SUPPLIED DATA |
========

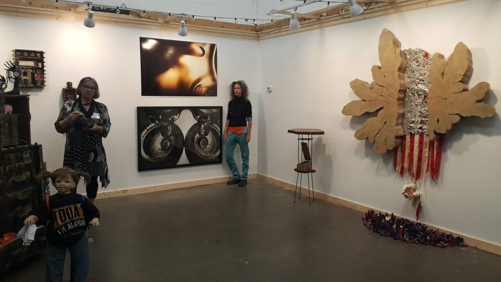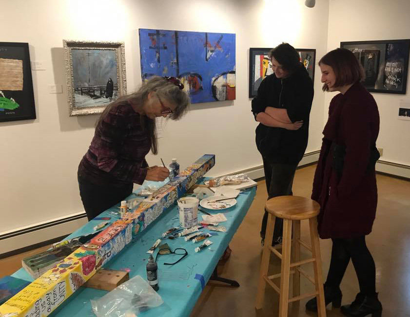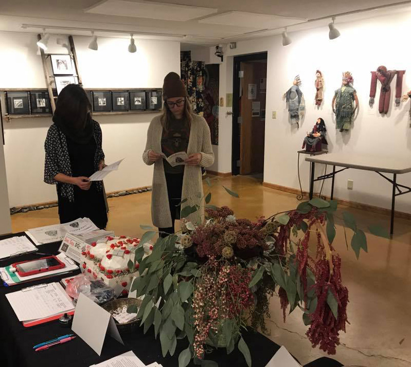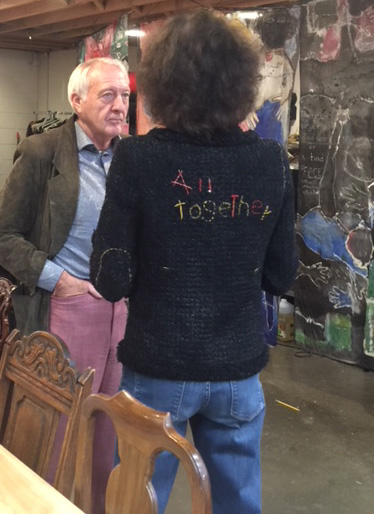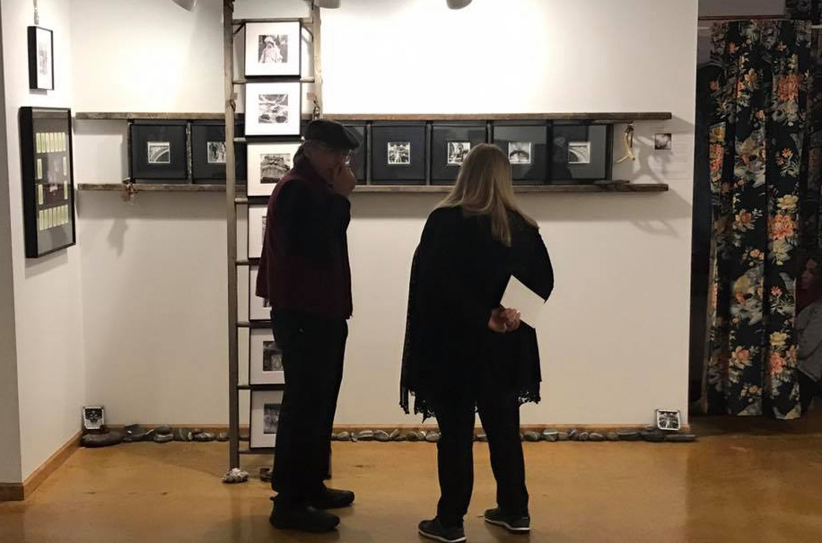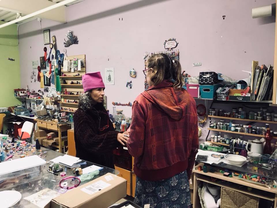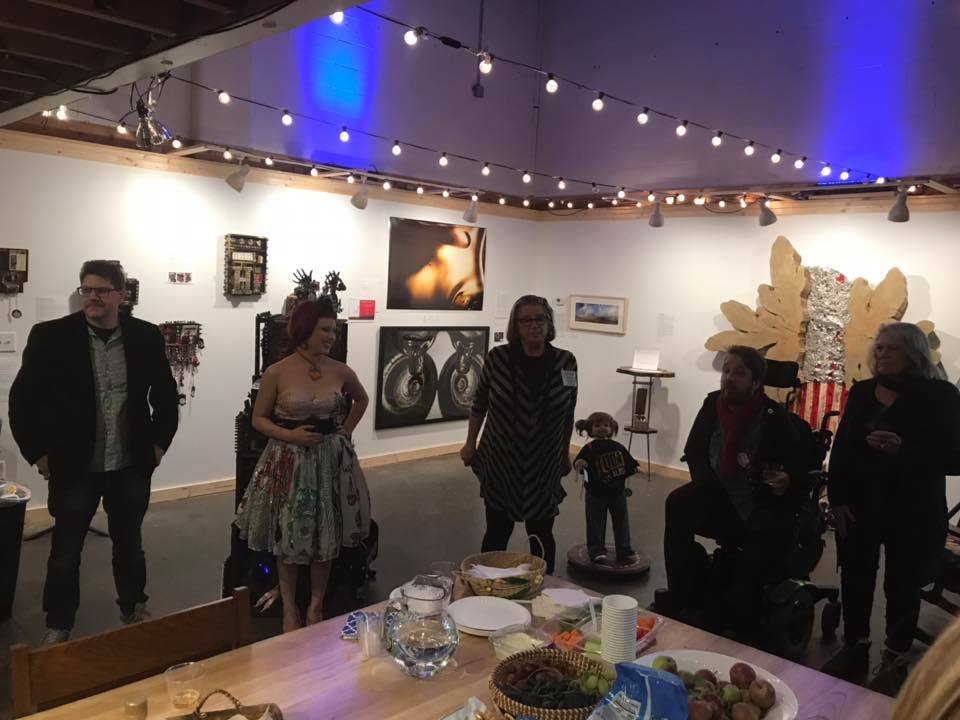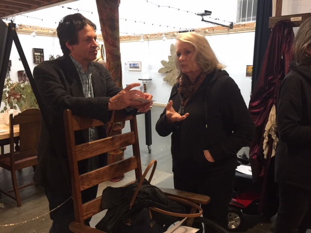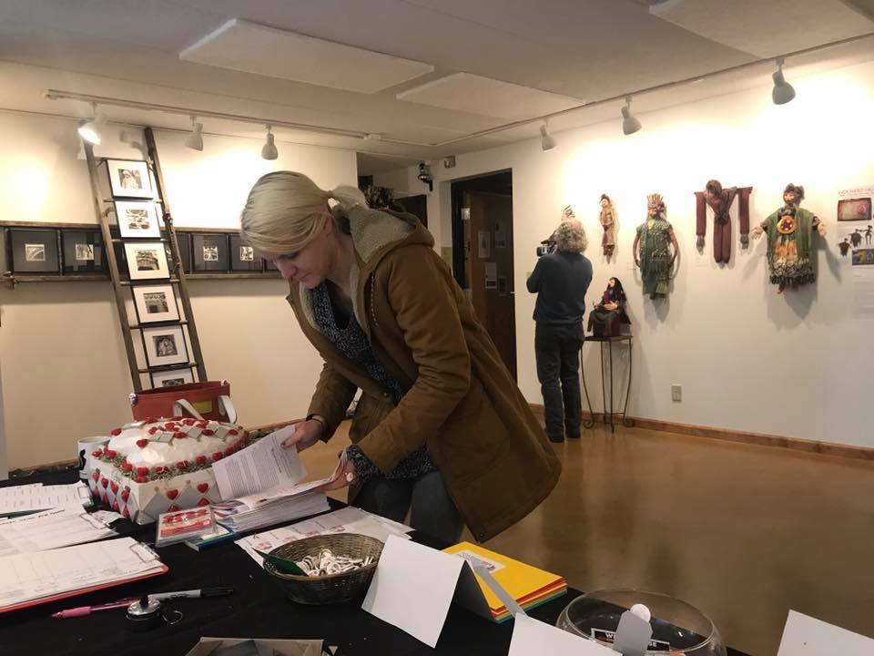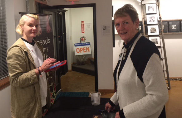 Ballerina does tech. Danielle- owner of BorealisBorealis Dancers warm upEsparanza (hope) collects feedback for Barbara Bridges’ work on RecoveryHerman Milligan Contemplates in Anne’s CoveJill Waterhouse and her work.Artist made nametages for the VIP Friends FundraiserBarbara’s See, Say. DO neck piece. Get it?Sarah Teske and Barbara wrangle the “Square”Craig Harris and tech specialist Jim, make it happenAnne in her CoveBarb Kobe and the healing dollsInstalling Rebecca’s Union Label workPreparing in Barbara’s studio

========

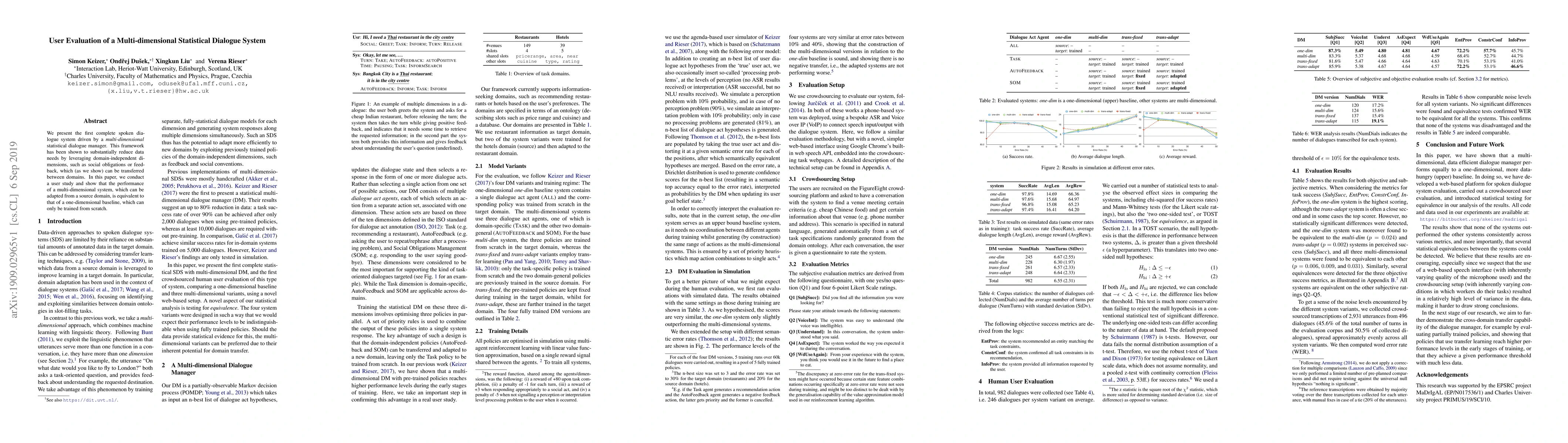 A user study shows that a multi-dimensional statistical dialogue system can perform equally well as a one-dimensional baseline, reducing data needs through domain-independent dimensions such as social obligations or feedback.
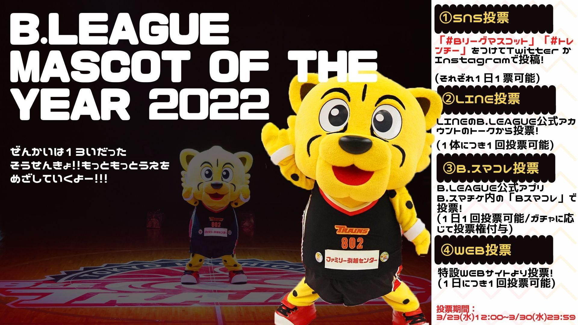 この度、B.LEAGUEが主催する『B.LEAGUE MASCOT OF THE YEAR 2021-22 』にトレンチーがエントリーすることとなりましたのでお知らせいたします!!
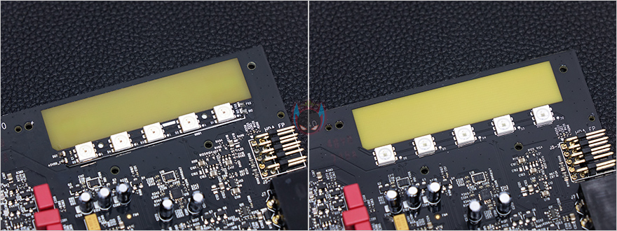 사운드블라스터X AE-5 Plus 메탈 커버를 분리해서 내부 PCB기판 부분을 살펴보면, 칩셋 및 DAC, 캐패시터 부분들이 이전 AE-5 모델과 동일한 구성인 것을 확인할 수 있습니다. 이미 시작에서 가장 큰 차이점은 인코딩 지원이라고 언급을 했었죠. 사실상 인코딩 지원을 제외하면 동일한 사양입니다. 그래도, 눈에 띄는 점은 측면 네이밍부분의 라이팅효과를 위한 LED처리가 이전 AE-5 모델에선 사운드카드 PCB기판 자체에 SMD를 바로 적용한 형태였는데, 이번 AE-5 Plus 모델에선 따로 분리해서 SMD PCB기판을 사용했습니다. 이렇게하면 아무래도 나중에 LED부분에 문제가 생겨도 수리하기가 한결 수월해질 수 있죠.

========

ABOUT THIS TASK |
All that should appear in the answer is the lines above from the line with "この度、B.LEAGUEが主催する『B.LEAGUE MASCOT OF" through the line with "사운드블라스터X AE-5 Plus", retyped exactly, pictures left out.

SOLUTION |
 この度、B.LEAGUEが主催する『B.LEAGUE MASCOT OF THE YEAR 2021-22 』にトレンチーがエントリーすることとなりましたのでお知らせいたします!!
 사운드블라스터X AE-5 Plus 메탈 커버를 분리해서 내부 PCB기판 부분을 살펴보면, 칩셋 및 DAC, 캐패시터 부분들이 이전 AE-5 모델과 동일한 구성인 것을 확인할 수 있습니다. 이미 시작에서 가장 큰 차이점은 인코딩 지원이라고 언급을 했었죠. 사실상 인코딩 지원을 제외하면 동일한 사양입니다. 그래도, 눈에 띄는 점은 측면 네이밍부분의 라이팅효과를 위한 LED처리가 이전 AE-5 모델에선 사운드카드 PCB기판 자체에 SMD를 바로 적용한 형태였는데, 이번 AE-5 Plus 모델에선 따로 분리해서 SMD PCB기판을 사용했습니다. 이렇게하면 아무래도 나중에 LED부분에 문제가 생겨도 수리하기가 한결 수월해질 수 있죠.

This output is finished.